TASK TO COMPLETE ::
From the entries below, reproduce exactly the lines from the one with "Whether you are" through the one with "Figure 2: Live Videos on YouTube", both included, without images.

Saved entries ::

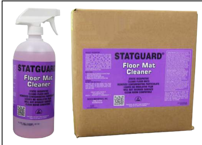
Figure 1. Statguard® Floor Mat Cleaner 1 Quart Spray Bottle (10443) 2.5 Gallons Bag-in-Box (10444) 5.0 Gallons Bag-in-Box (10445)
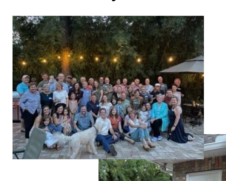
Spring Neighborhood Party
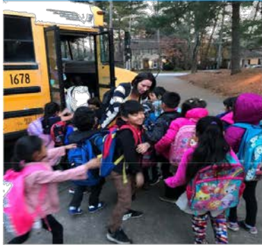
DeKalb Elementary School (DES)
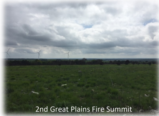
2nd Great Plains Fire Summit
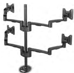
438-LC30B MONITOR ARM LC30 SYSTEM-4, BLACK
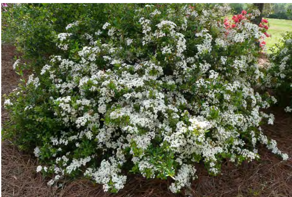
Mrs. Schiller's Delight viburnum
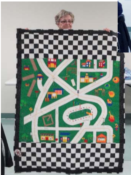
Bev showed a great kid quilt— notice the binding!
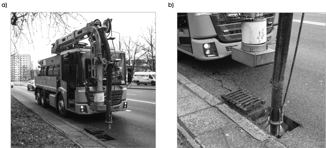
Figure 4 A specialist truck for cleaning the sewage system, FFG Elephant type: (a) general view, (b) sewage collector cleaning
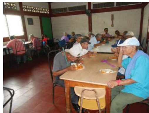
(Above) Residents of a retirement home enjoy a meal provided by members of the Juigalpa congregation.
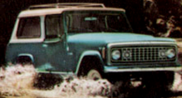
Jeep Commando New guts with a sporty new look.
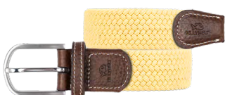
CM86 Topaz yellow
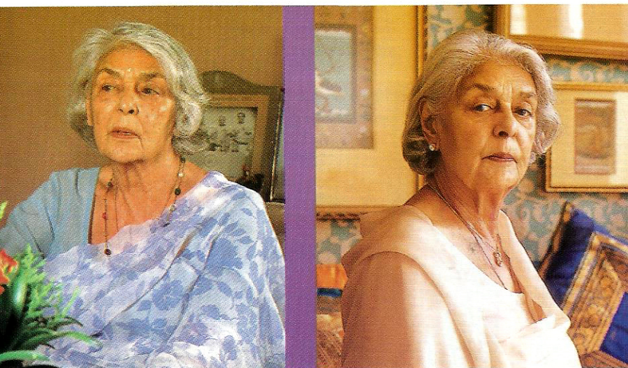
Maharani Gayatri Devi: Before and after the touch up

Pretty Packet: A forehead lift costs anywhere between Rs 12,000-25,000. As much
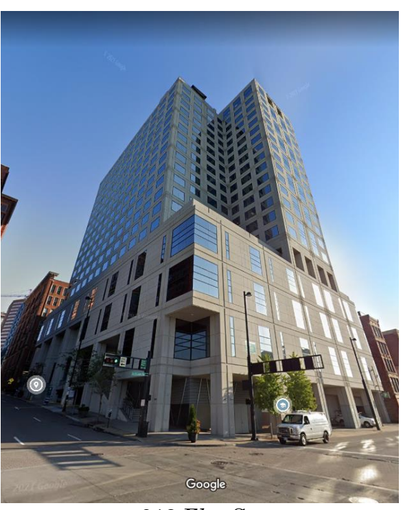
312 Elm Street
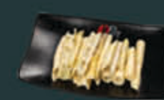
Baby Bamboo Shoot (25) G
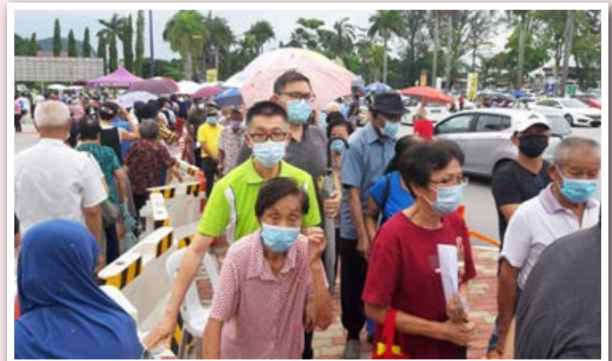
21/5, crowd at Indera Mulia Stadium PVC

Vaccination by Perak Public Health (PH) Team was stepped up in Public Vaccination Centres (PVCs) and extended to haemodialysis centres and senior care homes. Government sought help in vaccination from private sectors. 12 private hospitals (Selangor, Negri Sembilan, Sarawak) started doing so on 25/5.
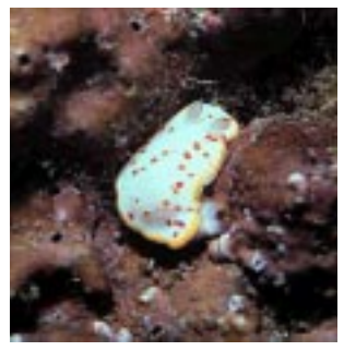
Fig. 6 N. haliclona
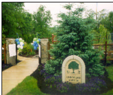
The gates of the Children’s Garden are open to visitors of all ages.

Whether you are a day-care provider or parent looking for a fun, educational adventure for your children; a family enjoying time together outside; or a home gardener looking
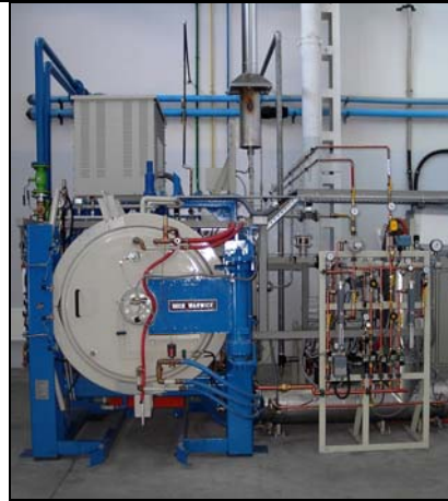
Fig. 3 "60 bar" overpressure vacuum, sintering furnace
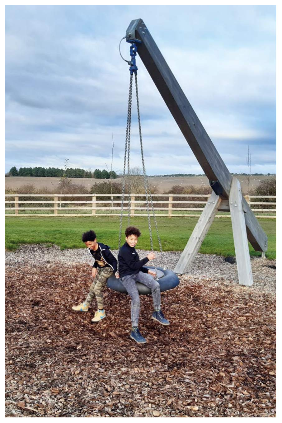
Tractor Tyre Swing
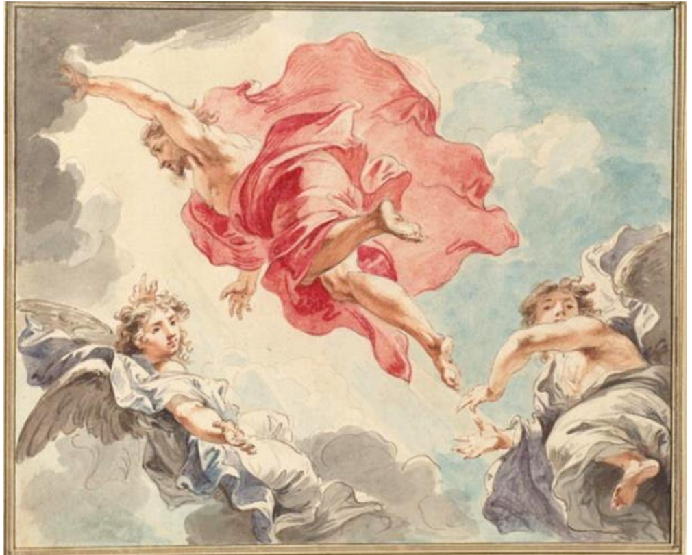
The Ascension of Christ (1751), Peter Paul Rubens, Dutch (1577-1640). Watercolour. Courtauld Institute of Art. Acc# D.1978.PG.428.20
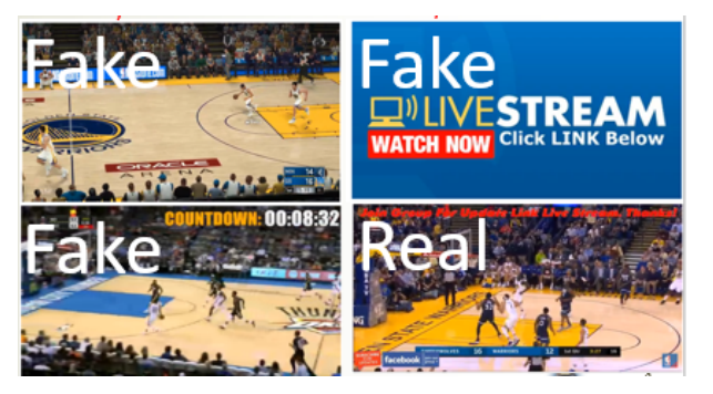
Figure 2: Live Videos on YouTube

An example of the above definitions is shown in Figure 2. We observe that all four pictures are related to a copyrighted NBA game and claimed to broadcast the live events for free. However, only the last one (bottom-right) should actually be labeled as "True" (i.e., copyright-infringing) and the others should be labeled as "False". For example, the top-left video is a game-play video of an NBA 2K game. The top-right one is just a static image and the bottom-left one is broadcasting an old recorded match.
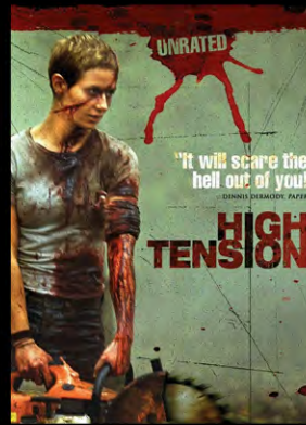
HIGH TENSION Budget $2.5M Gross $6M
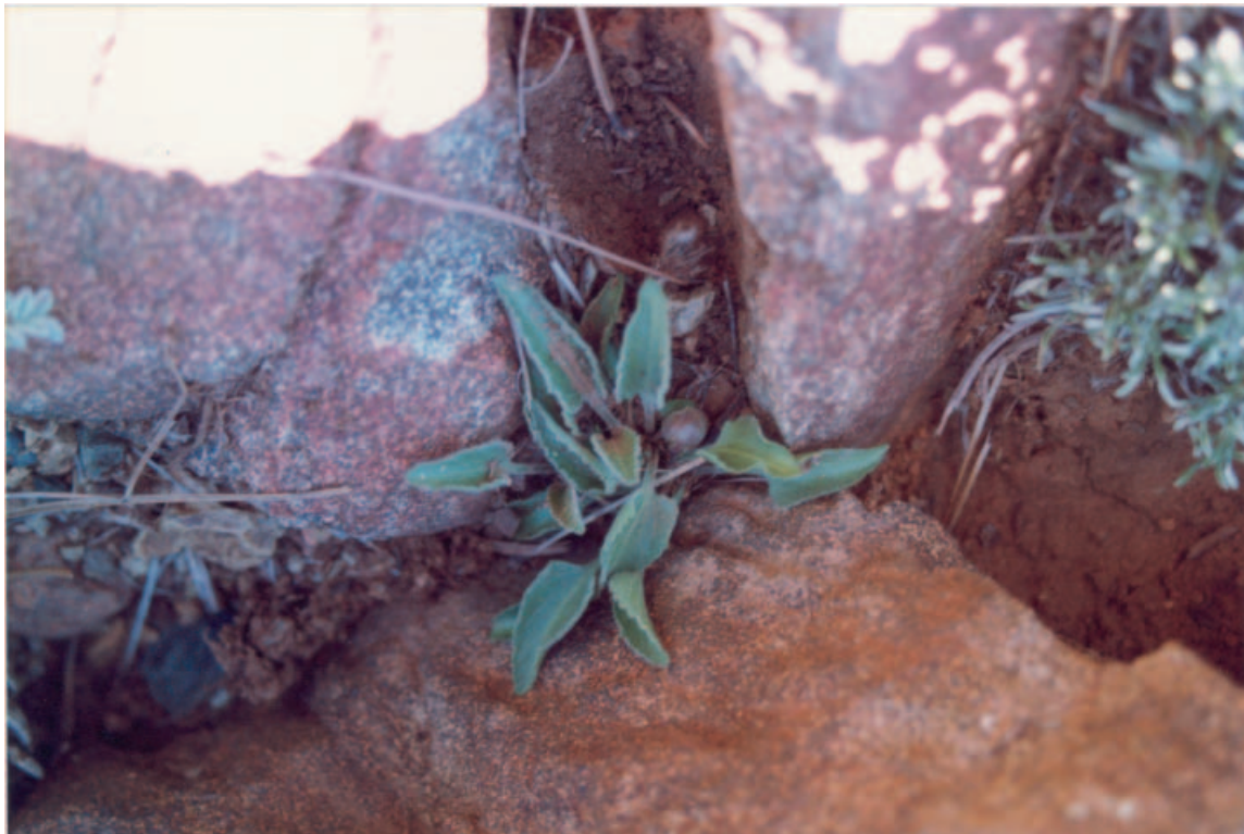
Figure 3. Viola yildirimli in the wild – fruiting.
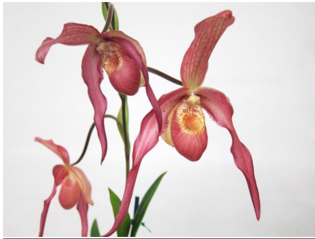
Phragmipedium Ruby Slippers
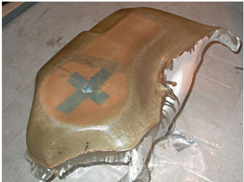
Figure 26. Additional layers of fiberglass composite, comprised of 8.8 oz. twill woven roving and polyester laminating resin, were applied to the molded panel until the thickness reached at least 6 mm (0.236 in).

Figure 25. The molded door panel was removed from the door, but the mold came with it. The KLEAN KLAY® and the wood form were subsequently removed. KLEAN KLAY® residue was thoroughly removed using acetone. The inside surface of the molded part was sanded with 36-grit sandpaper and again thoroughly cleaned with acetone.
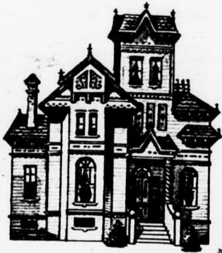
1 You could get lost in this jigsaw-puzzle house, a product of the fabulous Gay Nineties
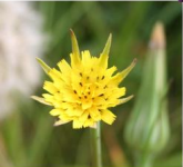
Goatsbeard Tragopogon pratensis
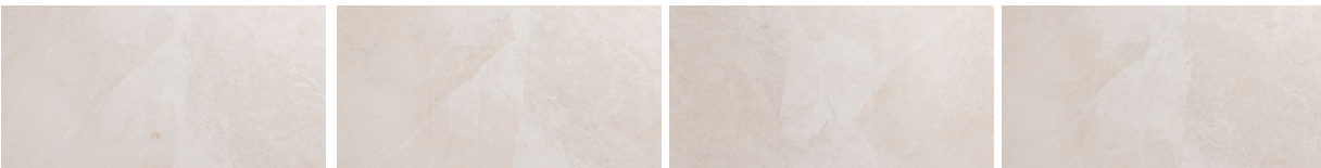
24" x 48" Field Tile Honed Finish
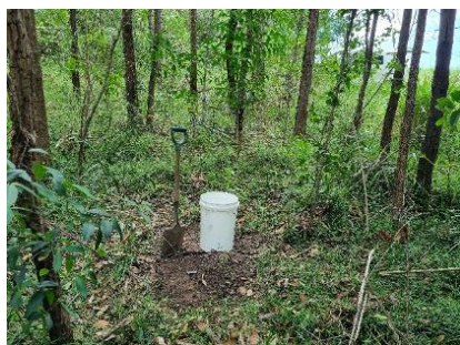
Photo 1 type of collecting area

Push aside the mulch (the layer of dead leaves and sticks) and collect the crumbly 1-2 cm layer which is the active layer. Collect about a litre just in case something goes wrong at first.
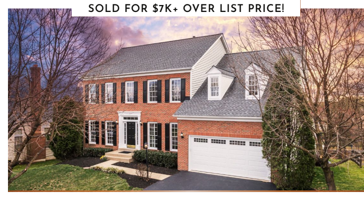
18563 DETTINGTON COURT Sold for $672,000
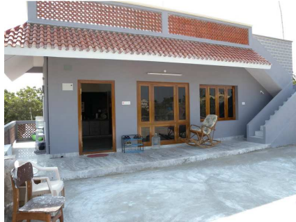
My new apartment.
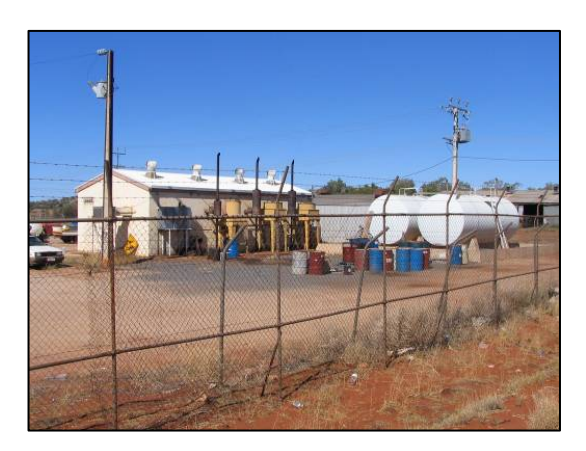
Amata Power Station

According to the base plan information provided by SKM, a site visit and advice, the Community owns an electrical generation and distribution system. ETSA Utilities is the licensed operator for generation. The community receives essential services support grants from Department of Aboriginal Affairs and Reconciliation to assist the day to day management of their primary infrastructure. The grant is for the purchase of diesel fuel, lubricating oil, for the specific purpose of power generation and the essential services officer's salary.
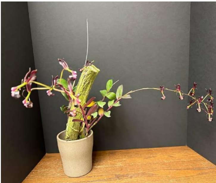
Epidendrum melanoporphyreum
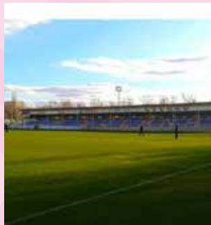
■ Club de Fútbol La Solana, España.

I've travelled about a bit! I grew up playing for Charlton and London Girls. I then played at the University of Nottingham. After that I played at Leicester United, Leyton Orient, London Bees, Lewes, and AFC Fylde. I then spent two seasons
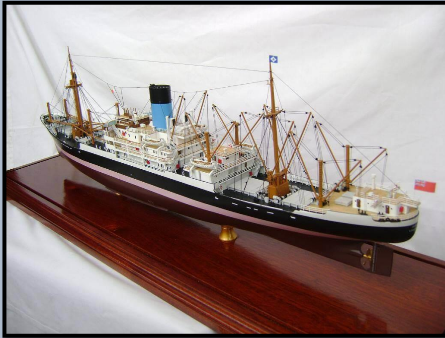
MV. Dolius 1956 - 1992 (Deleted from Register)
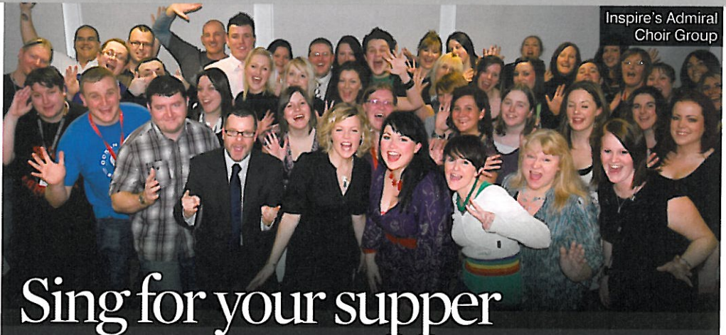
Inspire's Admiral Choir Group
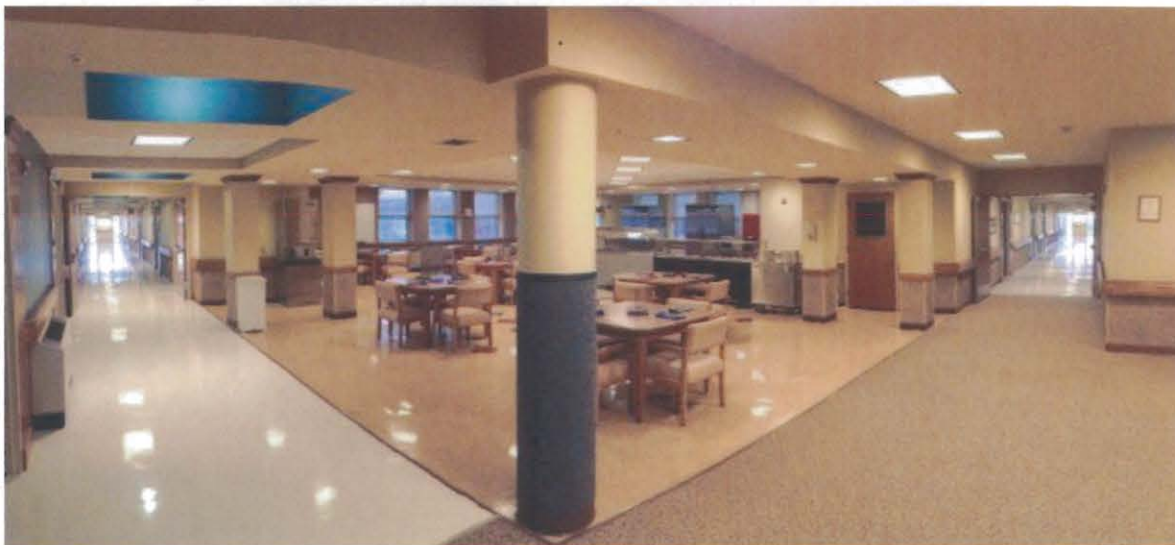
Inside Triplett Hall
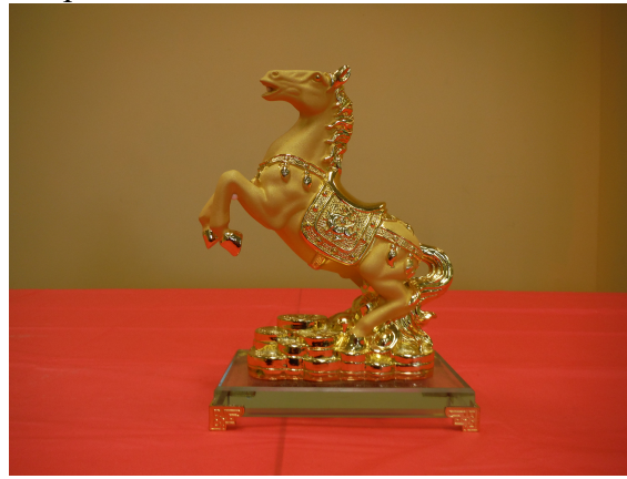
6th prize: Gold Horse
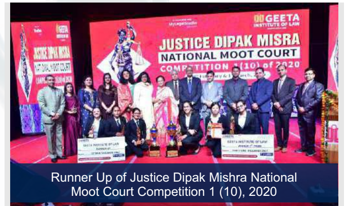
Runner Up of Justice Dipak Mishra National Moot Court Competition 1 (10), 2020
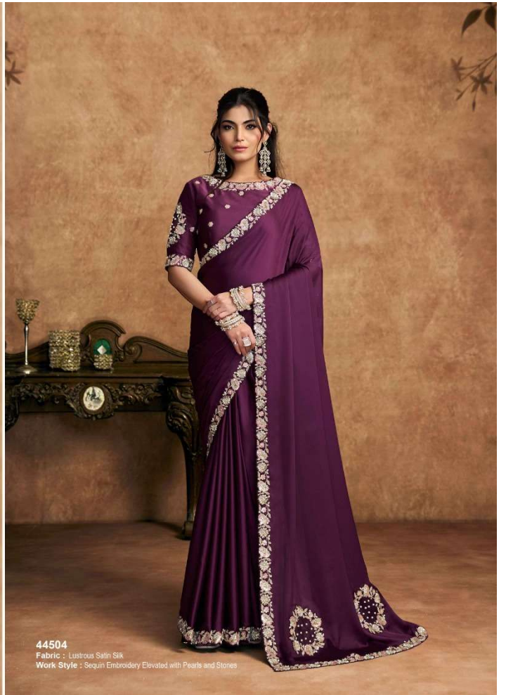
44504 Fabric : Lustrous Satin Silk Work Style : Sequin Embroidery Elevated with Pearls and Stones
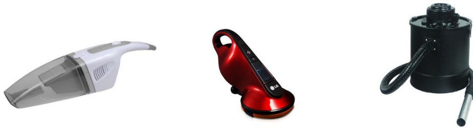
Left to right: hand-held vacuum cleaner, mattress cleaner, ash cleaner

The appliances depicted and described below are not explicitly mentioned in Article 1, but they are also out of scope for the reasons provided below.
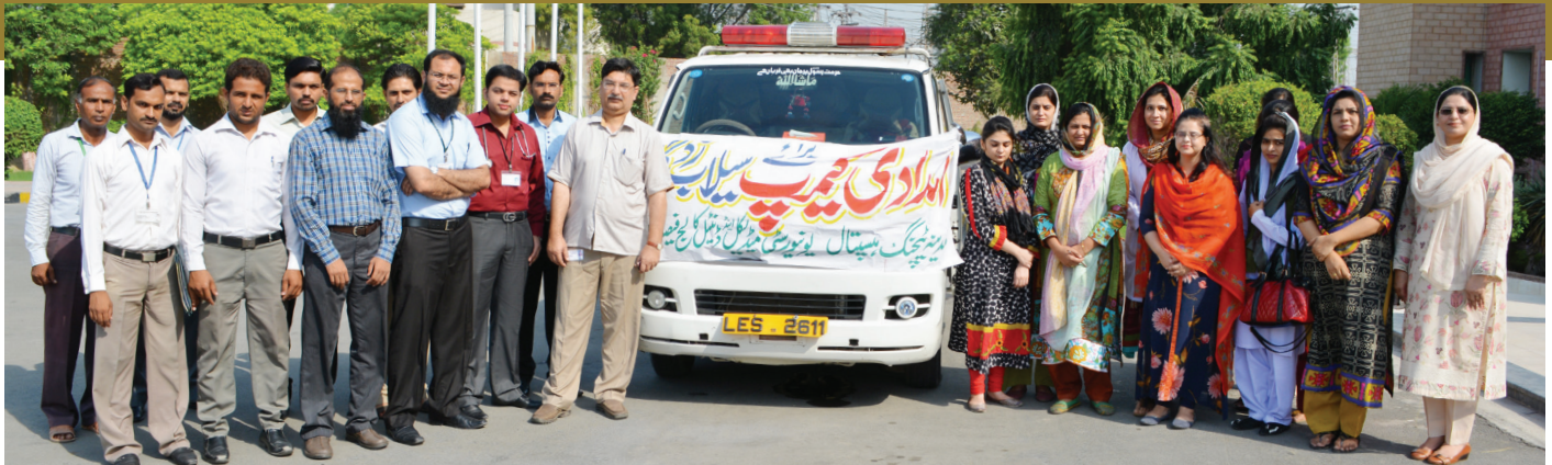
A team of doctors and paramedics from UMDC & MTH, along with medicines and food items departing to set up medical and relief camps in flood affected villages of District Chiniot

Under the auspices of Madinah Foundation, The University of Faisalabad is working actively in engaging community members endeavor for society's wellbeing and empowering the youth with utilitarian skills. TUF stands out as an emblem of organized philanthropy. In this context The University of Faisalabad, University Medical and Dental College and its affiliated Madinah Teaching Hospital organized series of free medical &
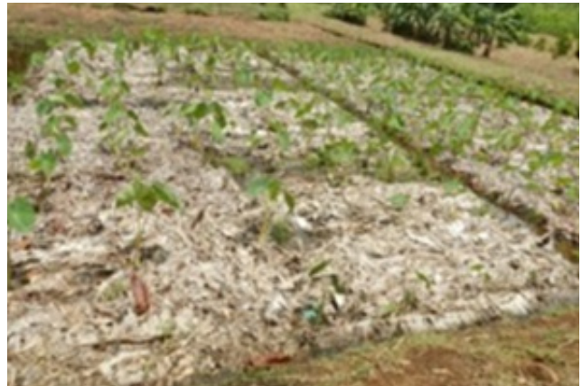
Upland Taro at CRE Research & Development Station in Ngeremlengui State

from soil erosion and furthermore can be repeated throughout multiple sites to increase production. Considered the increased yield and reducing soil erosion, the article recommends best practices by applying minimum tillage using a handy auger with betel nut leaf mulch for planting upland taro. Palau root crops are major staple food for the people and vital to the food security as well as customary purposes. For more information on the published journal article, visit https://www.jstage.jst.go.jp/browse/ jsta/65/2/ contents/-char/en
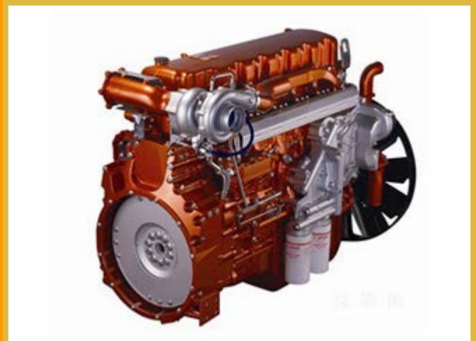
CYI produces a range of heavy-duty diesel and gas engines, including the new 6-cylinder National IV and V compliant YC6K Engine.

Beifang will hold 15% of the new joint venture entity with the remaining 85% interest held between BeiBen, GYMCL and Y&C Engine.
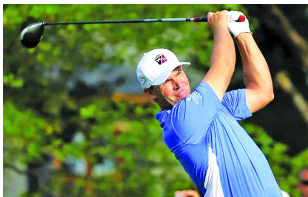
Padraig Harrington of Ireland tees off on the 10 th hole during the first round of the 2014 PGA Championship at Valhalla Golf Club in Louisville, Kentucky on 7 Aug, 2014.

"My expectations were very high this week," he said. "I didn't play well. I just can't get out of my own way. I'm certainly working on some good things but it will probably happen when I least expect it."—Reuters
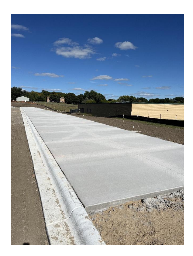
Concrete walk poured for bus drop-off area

RESULT FOR THIS EXERCISE ::
Whether you are a day-care provider or parent looking for a fun, educational adventure for your children; a family enjoying time together outside; or a home gardener looking
Fig. 3 "60 bar" overpressure vacuum, sintering furnace
Tractor Tyre Swing
The Ascension of Christ (1751), Peter Paul Rubens, Dutch (1577-1640). Watercolour. Courtauld Institute of Art. Acc# D.1978.PG.428.20
Figure 2: Live Videos on YouTube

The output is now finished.